First, the cooking space is 15 inches in diameter. It’s big enough to fit our 12-inch Lodge cast-iron pan, but — and this is crazy — my pan’s handle sticks out. The body of the pan heats up to 600 degrees, hot enough to roast asparagus within a couple of minutes, but the handle stays relatively cool. As someone who has burned themselves through heat-resistant gloves, this is a revelation.

Second, the top is flat. This is not a feature that it would have occurred to me to request in a pizza oven, but it is a remarkably convenient and sturdy place to quickly put a burning hot pan while you quickly tong out the asparagus, put them in a serving bowl, and replace them with potatoes. This is obviously something that has occurred to Solo Stove as well, since it recently came out with a lid ($ 75) for its firepits.

I was also a little bit worried that there’s a noticeable split in the middle of the pizza stone — that it would be difficult to clean, or that the dough would sag or burn in the middle. It turns out that when the oven is 700 degrees (and you’ve let the stone preheat for at least an hour), pizza cooks quickly enough that it’s not a cause for concern.

Like most things involving recreation, your choice of your backyard cooking implement comes down to price and personal preferences. That’s the only quibble I have with the Pi — the option I tried is the one with swappable wood and gas attachments, which costs a cool $ 645 at its current presale price. That makes it a hard sell when compared to the Ooni Karu 12 ($ 399)which is also a pretty great, attractive, and easy-to-use oven.

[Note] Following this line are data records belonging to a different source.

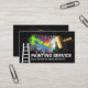 A black wall with peeling paint and graffiti is about to be painted over by a gold roller brush. Towards the base of the card lies the business name and its contact details.
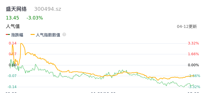 04月12日,盛天网络收报13.45,股价涨幅-3.03%,成交金额3.95亿元,换手率7.25%。
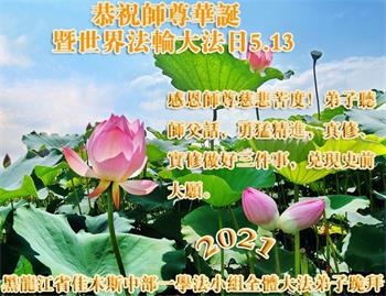 黑龙江省佳木斯市中部一学法小组全体大法弟子恭贺世界法轮大法日暨师尊华诞!
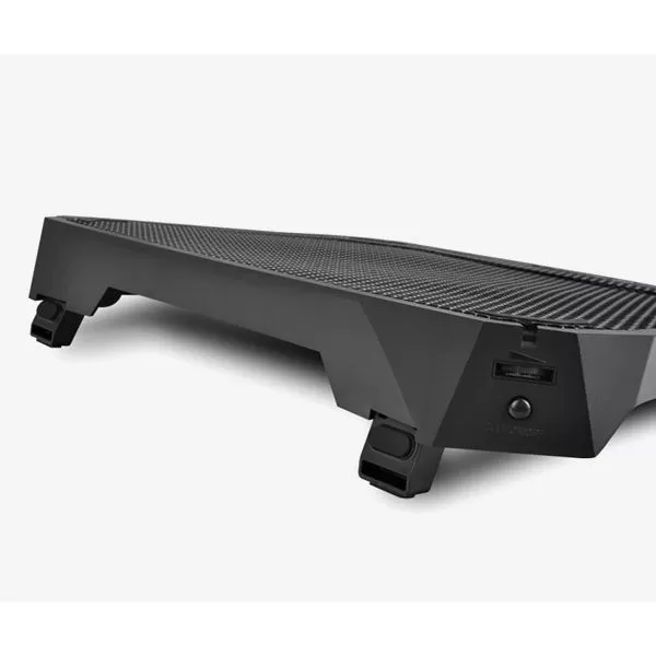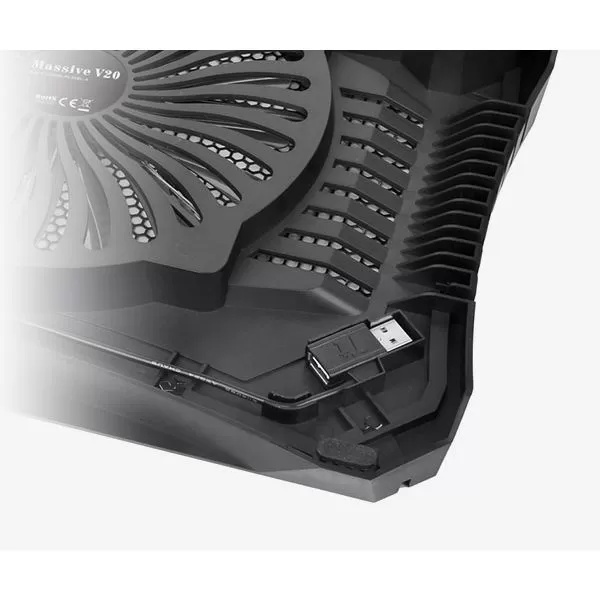 Thermaltake Massive V20, structura din plastic si mesh metalic, dimensiune notebook: 10” - 17” (maxim), ventilator silentios de 200mm (600-800 RPM, 70.38 CFM, max 31.7 dBA, control turatie ventilator, buton ON/OFF pentru LED-urile ventilatorului), doua unghiuri de inclinare, alimentare de la portul USB, dimensiuni: 365 x 276 x 42 mm, greutate: 700g

However, if you enjoy cooking with wood — and you like your dinner to be fast, hot, and on the table in half an hour — it’s hard to imagine a better, no-brainer summer buy than the wood-fired version. I work full-time and have two school-aged kids, and with a small, high-heat pizza oven, I can still have dinner cooked outside and on the table in a matter of mere minutes. I might even sip a chilled beverage while I’m at it.